THOMPKINS: Well, it - that's a very difficult question to - in the end to predict, particularly in this region, because people here - security experts, diplomats, regional leaders, they're all concerned about the stability of the region in 2007.

So I think that a mark of leadership for the coming days, much less the coming months, will be seen in terms of understanding the commitment that leaders have toward a peace process, toward peace talks for Somalia. Now, 2007 will also be quite interesting in Kenya itself because there are presidential elections that are coming up at the end of the year. So I'm very eager to see what's going to happen in the next several months.

CHIDEYA: Charlayne, from the southern Africa region, what do you see ahead?

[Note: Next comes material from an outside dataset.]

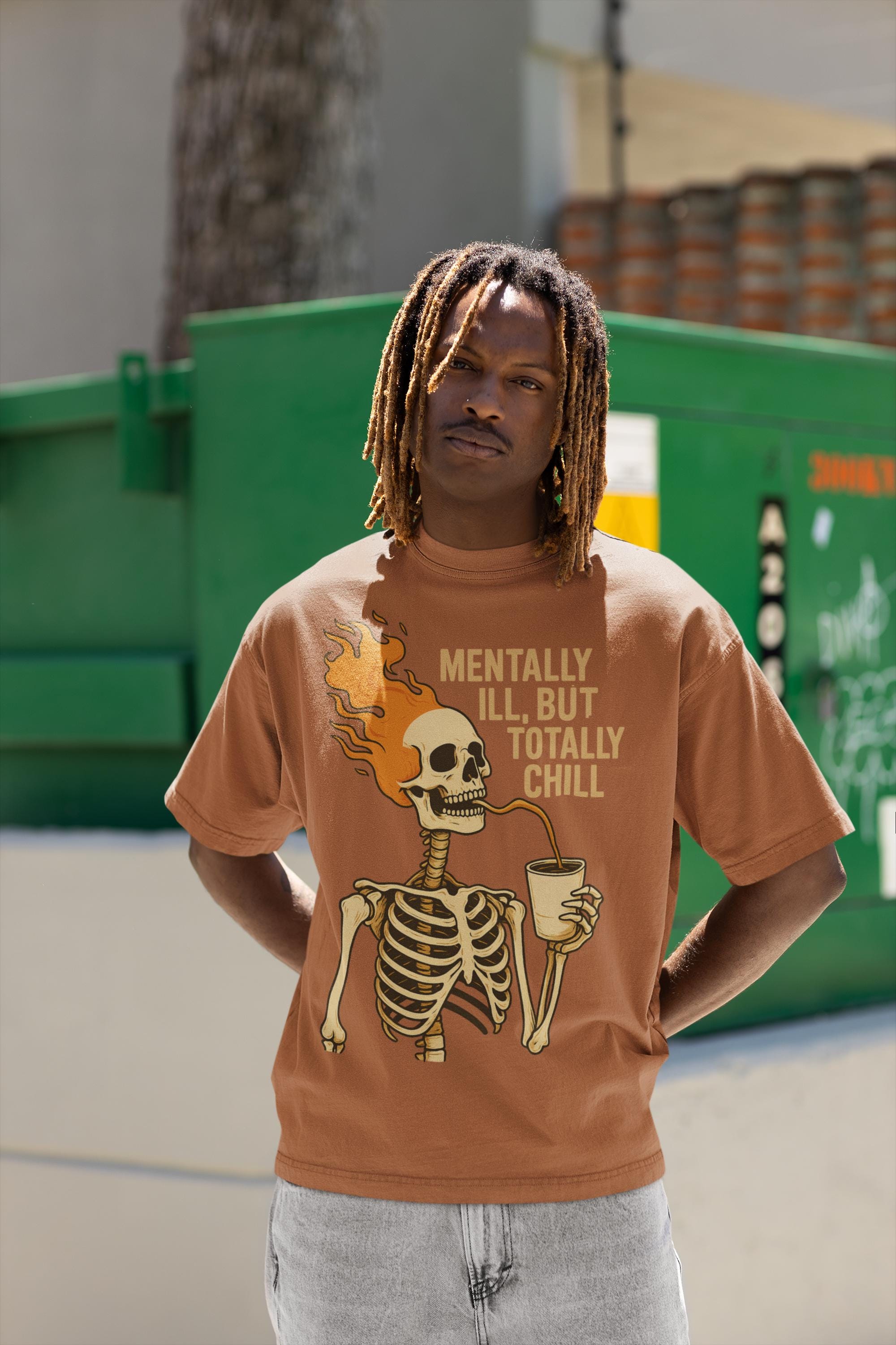 Embrace the chaos with a bit of dark humor in our "Mentally Ill, But Totally Chill" shirt. This sarcastic skeleton shirt perfectly captures the feeling of being overwhelmed on the inside while keeping a cool exterior. It's an ideal piece for anyone who uses humor to navigate life's stresses and makes a thoughtful gift for a friend who gets it.

HUNTER-GAULT: There's going to be a new leadership for the ruling African National Congress in December, 2007. And there's a huge cacophony now going on, big debate, a lot of it raucous and raunchy and a lot of it looking at the whole soul of the African National Congress, which has been described as a broad church.

But this is vibrant democracy. I think that we sometimes judge Africa by different standards, but look at America's election this last time around. So let's hope that the debate that's going on and the intensity will in fact make for stronger rather than weaker democracies.

CHIDEYA: Okay. Ofeibea, what do you see coming in the year ahead?

QUIST-ARCTON: This has not just been a year of pain. Of course, there's also been some good stories, and especially the Democratic Republic of Congo managing to hold its first democratic elections in 40 years. And I think as Kofi Annan, the U.N. secretary-general, leaves and everybody wonders where the Africa will be on the U.N. radar, that is - although there was violence, perhaps, a positive note to end the year on.

CHIDEYA: That was NPR's Ofeibea Quist-Arcton in Dakar, Senegal; NPR's Gwen Thompkins in Nairobi, Kenya; and NPR's special Africa correspondent Charlayne Hunter-Gault in Johannesburg, South Africa. Thank you so much.

HUNTER-GAULT: Thank you, Farai, and happy holidays and Happy New Year.

THOMPKINS: My pleasure.

QUIST-ARCTON: Thank you and Happy New Year.